Creation of final stimulus set
Adobe Premiere 1.5 (Adobe Systems, 2004) was used to create a final stimulus set. The AVI point-light displays produced by MATLAB 2010 (Mathworks, 2010) were imported into Adobe Premier 1.5 (Adobe Systems, 2004) together with the corresponding WAV dialogues post processed with Adobe Audition 3 (Adobe Systems, 2007). Initially, each point-light display was combined with its corresponding WAV dialogue. The initial recording of the interaction was signalled by a sound (one second long, square-wave buzzer signal). The end of the recording occurred 500 ms after the end of the actors dialogue. The length of the final, truncated display varied between 2.5 and 4.5 seconds. Thus the edited clip represented the original interaction of the actors in its entirety after shortening the initial and final segments where nothing occurred. The eliminated segments before and after the selected clip were initially recorded only to enable us to obtain longer ‘technical margins’ for post-processing the length of final displays.
All displays with truncated start/end points were exported to AVI format in three versions: auditory-only (dialogues), visual-only (point-light displays) and audio-visual (dialogues combined with point-light displays). The final, non-validated stimulus set was composed of 238Footnote 1 unique displays which consisted of: 9 actor couples, 2 emotions (happy and angry), 3 intensities (low, medium, high), 2 dialogue versions (inquiry, deliberation), 2 repetitions plus 26 neutral displays. However, each display was created in three modality formats: visual point-light displays, auditory dialogues and a combination of point-light displays and dialogues. Therefore the final count of all displays in stimulus set with three modality formats was 714.
The stimulus set (Supplementary Material 2) can be downloaded from the following sources: http://motioninsocial.com/stimuli_set/. The stimulus set is organised into nine folders, with each folder being labelled with a letter representing a different actor couple. Within each folder, every single display is represented by five files:
three AVI files in audio-visual, auditory, and visual versions;
one TXT file with unprocessed motion capture coordinates for the corresponding display (Supplementary Material 1 in the Appendix includes R routine with exact description of what each column stands for);
one WAV file with unprocessed dialogue capture for the corresponding display.
Supplementary Table 3 includes detailed characteristics for each display.

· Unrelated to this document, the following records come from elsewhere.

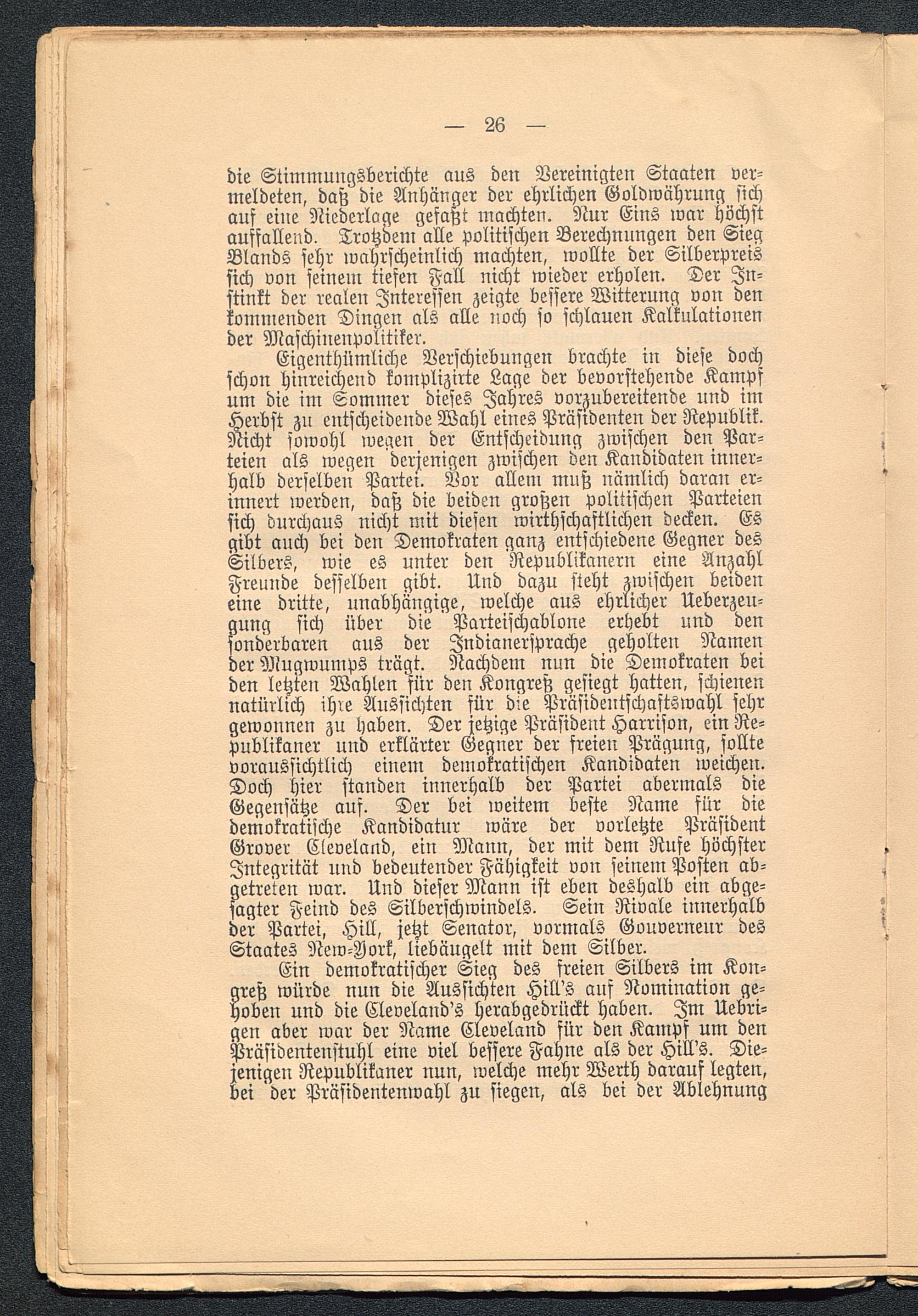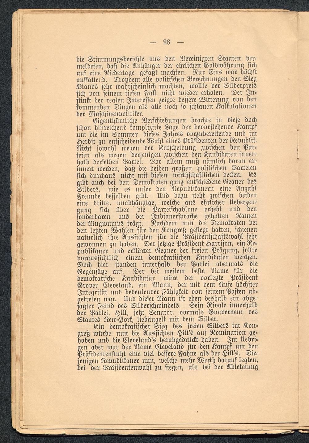 Eigenthümliche Verschiebungen brachte in diese dochschon hinreichend komplizirte Lage der bevorstehende Kampfum die im Lommer dieses Jahres vorzubereitende und imHerbst zu entscheidende Wahl eines Präsidenten der Republik.Nicht sowohl wegen der Entscheidung zwischen den Par-teien als wegen derjenigen zwischen den Kandidaten inner-halb derselben Partei. Vor allem muß nämlich daran er-innert werden, daß die beiden großen politischen Parteiensich durchaus nicht mit diesen wirthschaftlichen decken. Esgibt auch bei den Demokraten ganz entschiedene Gegner desSilbers, wie es unter den 'Republikanern eine AnzahlFreunde desselben gibt. Und dazu steht zwischen beideneine dritte, unabhängige, welche aus ehrlicher Ueberzeu-gung sich über die Parteischablone erhebt und densonderbaren aus der Jndianersprache geholten Namender Mugwumps trägt. Nachdem nun die Demokraten beiden letzten Wahlen für den Kongreß gesiegt hatten, schienennatürlich ihre Aussichten für die Präsidentschastswahl sehrgewonnen zu haben. Der jetzige Präsident Harrison, ein Re-publikaner und erklärter Gegner der freien Prägung, solltevoraussichtlich einem demokratischen Kandidaten weichen.Doch hier standen innerhalb der Partei abermals dieGegensätze aus. Der bei weitem beste Name für diedemokratische Kandidatur wäre der vorletzte PräsidentGrover Cleveland , ein Mann, der mit dem Rufe höchsterIntegrität und bedeutender Fähigkeit von seinem Posten ab-getreten war. Und dieser Mann ist eben deshalb ein abge-sagter Feind des Silberschwindels. Sein Rivale innerhalbder Partei, Hill, jetzt Senator, vormals Gouverneur desStaates New-Iork, liebäugelt mit dem Silber.
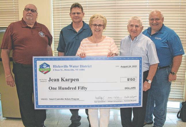 The Hicksville Water District (HWD) Board of Commissioners recently invited resident Jean Karpen to the district’s headquarters to present her with a giant check for $150. Karpen was the first recipient of the district’s Smart Controller Rebate Program, which offers qualified residents a $150 rebate on smart irrigation controllers to encourage the switch to top-of-the-line technology, which helps them conserve water while they irrigate their properties.
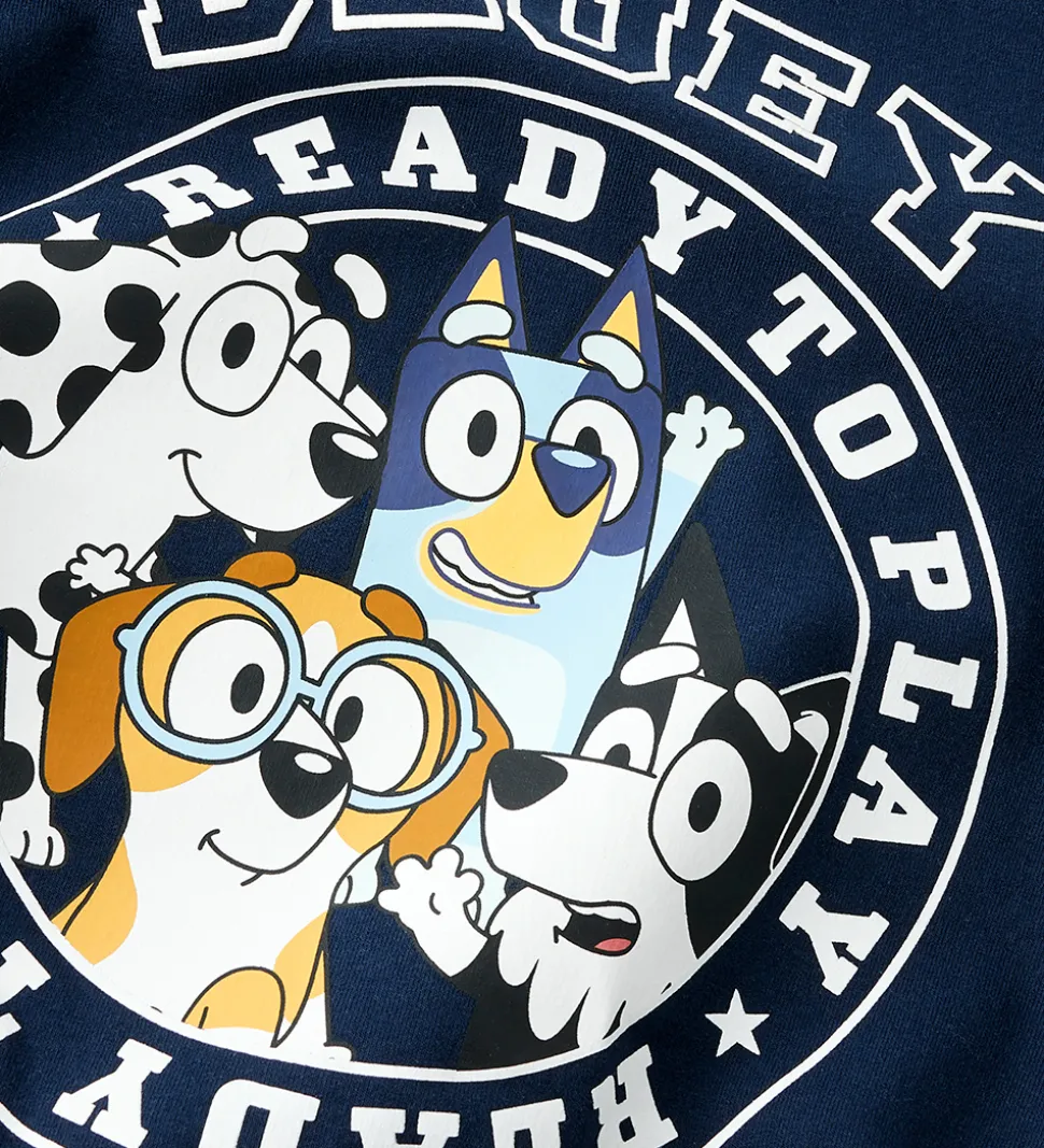 Skøn Name It sweatshirt i navyblå med et stort, farverigt Bluey-print foran. Sweatshirten har ribkanter med hvide kontraststriber ved hals-, ærme- og taljeåbning. Indvendigt er de blødt, børstet bomuld.

This table is also available as Microsoft Excel XLS file together with Supplementary Material 2 for easier browsing.
It is worth noting that the reason why we created only 238 unique clips from 756 original captures was due to the technical quality of the motion and voice captures, and the quality of the acting. The most common issues that occurred during motion capture were: marker occlusion during the capture, distortion of audio or visual noise from ambient light in the capture volume, and errors made in dialogue by actors. Those issues lowered the quality of the displays or made their further processing impossible for the final stimuli set. We were aware prior to the experiment that such issues might occur, hence we recorded the same interactions six times to maximise the number of usable high quality displays.